▶ **Try it**:
Starting with the line that contains "й післявоєнного відновлення." and stopping after the line that contains "El 6 de abril", copy the entries below exactly. Include nothing else.

▶ **Task material**:
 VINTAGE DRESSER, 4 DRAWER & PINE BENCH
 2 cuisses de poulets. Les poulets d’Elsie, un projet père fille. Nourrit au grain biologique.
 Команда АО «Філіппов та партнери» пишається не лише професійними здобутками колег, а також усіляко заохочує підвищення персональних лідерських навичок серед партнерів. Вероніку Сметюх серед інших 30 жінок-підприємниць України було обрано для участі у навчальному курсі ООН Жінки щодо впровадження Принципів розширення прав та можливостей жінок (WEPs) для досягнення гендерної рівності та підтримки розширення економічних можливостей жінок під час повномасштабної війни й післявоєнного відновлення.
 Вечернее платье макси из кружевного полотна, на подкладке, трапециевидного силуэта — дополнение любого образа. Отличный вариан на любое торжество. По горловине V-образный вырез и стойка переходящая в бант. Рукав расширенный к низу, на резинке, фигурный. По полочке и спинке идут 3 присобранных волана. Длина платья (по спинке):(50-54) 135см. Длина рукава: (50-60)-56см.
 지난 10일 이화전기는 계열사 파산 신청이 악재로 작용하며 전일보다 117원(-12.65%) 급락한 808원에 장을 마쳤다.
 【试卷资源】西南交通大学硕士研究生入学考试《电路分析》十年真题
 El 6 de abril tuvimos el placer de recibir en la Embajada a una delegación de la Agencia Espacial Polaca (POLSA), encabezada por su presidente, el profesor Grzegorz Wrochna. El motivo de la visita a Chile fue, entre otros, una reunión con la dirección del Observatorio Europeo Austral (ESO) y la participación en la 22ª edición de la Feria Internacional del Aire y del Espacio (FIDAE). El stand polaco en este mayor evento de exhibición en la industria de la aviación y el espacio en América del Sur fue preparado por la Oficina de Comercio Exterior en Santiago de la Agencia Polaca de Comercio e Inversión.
==
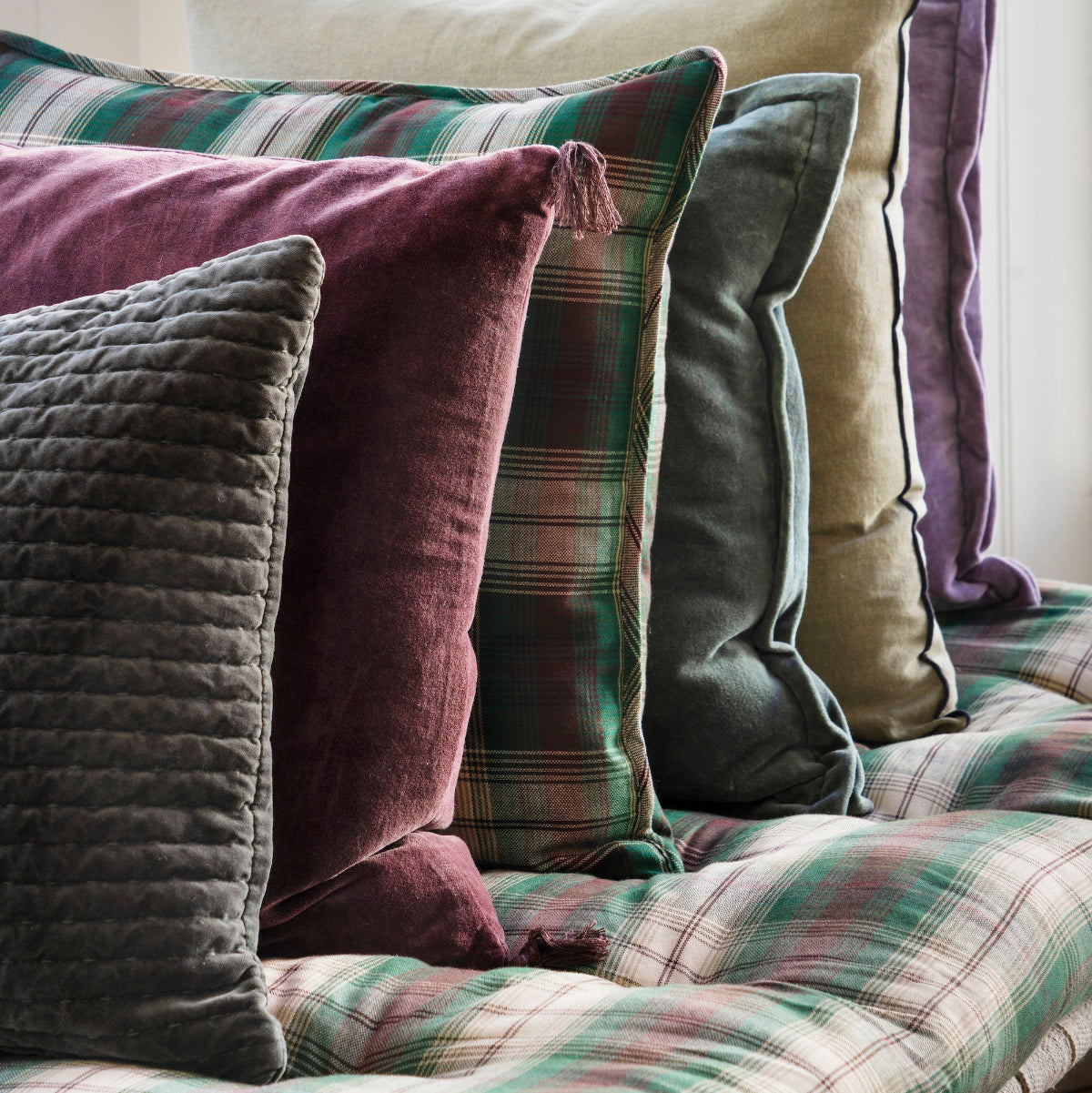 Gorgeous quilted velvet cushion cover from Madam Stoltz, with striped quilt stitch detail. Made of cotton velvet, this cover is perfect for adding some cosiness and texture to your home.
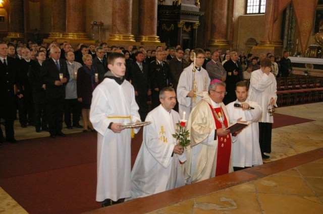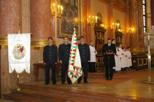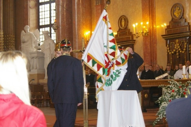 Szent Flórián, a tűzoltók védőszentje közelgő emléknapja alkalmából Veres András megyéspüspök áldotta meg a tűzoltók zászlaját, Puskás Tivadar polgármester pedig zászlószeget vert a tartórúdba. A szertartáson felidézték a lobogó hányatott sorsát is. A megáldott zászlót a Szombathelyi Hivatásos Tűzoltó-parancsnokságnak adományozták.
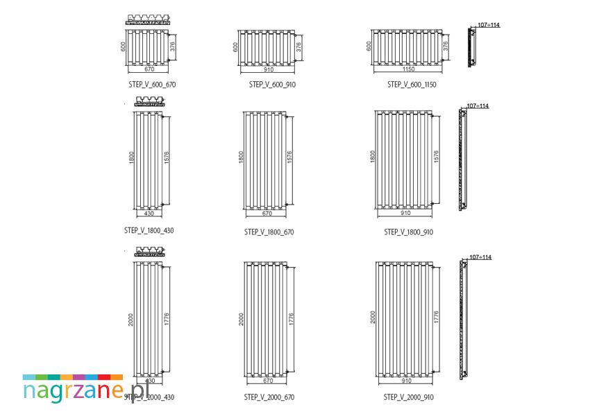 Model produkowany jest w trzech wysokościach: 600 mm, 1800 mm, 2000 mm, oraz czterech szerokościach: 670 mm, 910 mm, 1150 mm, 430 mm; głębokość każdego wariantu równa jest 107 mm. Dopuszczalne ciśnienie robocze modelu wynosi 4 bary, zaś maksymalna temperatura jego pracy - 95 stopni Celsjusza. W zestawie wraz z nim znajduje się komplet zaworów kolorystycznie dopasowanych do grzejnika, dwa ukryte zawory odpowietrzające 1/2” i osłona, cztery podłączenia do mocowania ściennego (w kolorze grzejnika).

▶ **Completed task**:
 Команда АО «Філіппов та партнери» пишається не лише професійними здобутками колег, а також усіляко заохочує підвищення персональних лідерських навичок серед партнерів. Вероніку Сметюх серед інших 30 жінок-підприємниць України було обрано для участі у навчальному курсі ООН Жінки щодо впровадження Принципів розширення прав та можливостей жінок (WEPs) для досягнення гендерної рівності та підтримки розширення економічних можливостей жінок під час повномасштабної війни й післявоєнного відновлення.
 Вечернее платье макси из кружевного полотна, на подкладке, трапециевидного силуэта — дополнение любого образа. Отличный вариан на любое торжество. По горловине V-образный вырез и стойка переходящая в бант. Рукав расширенный к низу, на резинке, фигурный. По полочке и спинке идут 3 присобранных волана. Длина платья (по спинке):(50-54) 135см. Длина рукава: (50-60)-56см.
 지난 10일 이화전기는 계열사 파산 신청이 악재로 작용하며 전일보다 117원(-12.65%) 급락한 808원에 장을 마쳤다.
 【试卷资源】西南交通大学硕士研究生入学考试《电路分析》十年真题
 El 6 de abril tuvimos el placer de recibir en la Embajada a una delegación de la Agencia Espacial Polaca (POLSA), encabezada por su presidente, el profesor Grzegorz Wrochna. El motivo de la visita a Chile fue, entre otros, una reunión con la dirección del Observatorio Europeo Austral (ESO) y la participación en la 22ª edición de la Feria Internacional del Aire y del Espacio (FIDAE). El stand polaco en este mayor evento de exhibición en la industria de la aviación y el espacio en América del Sur fue preparado por la Oficina de Comercio Exterior en Santiago de la Agencia Polaca de Comercio e Inversión.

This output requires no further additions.